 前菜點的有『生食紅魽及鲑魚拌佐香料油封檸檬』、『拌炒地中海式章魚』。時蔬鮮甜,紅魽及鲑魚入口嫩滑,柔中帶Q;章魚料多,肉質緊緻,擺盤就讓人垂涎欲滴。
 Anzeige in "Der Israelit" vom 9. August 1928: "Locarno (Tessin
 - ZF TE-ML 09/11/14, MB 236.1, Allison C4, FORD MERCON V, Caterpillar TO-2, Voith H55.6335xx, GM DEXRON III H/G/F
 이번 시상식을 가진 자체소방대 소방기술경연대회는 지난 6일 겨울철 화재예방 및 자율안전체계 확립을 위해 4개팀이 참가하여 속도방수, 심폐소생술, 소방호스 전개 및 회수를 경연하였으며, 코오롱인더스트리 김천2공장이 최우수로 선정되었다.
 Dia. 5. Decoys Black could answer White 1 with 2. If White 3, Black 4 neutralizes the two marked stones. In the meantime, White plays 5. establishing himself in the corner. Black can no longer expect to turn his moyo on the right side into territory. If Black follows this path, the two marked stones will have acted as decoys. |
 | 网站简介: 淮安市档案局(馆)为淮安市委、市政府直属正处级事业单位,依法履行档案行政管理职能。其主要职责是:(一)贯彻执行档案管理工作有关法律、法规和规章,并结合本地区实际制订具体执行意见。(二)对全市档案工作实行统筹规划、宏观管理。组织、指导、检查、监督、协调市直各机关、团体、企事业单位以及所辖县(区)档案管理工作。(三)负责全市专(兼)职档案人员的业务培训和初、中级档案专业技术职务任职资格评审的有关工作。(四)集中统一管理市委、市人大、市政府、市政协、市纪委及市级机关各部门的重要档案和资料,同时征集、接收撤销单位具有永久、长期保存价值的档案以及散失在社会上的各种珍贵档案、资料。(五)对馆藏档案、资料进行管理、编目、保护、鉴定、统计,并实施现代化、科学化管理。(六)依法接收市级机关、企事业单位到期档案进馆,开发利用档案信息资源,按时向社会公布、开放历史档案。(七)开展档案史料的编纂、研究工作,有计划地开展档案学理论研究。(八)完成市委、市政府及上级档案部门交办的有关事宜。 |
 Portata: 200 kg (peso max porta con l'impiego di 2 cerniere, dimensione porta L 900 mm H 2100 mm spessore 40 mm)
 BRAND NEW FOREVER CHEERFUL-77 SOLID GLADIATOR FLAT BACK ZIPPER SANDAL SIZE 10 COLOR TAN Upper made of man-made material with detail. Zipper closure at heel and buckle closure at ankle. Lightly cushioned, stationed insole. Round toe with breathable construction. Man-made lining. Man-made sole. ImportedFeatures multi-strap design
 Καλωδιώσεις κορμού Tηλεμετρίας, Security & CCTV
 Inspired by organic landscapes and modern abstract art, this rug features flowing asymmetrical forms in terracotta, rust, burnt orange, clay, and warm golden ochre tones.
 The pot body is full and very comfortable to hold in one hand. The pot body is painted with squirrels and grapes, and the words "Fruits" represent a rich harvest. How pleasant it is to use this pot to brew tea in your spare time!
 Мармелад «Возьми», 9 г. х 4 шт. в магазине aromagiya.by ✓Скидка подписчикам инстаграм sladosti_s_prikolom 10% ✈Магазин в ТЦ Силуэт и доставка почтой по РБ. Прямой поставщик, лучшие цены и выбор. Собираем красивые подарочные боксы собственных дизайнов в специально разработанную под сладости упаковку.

■ **Work item**:
Return exactly what appears in the records from the line with "Inspired by organic" through the final line, and nothing else.

■ **Response area**:
 Inspired by organic landscapes and modern abstract art, this rug features flowing asymmetrical forms in terracotta, rust, burnt orange, clay, and warm golden ochre tones.
 The pot body is full and very comfortable to hold in one hand. The pot body is painted with squirrels and grapes, and the words "Fruits" represent a rich harvest. How pleasant it is to use this pot to brew tea in your spare time!
 Мармелад «Возьми», 9 г. х 4 шт. в магазине aromagiya.by ✓Скидка подписчикам инстаграм sladosti_s_prikolom 10% ✈Магазин в ТЦ Силуэт и доставка почтой по РБ. Прямой поставщик, лучшие цены и выбор. Собираем красивые подарочные боксы собственных дизайнов в специально разработанную под сладости упаковку.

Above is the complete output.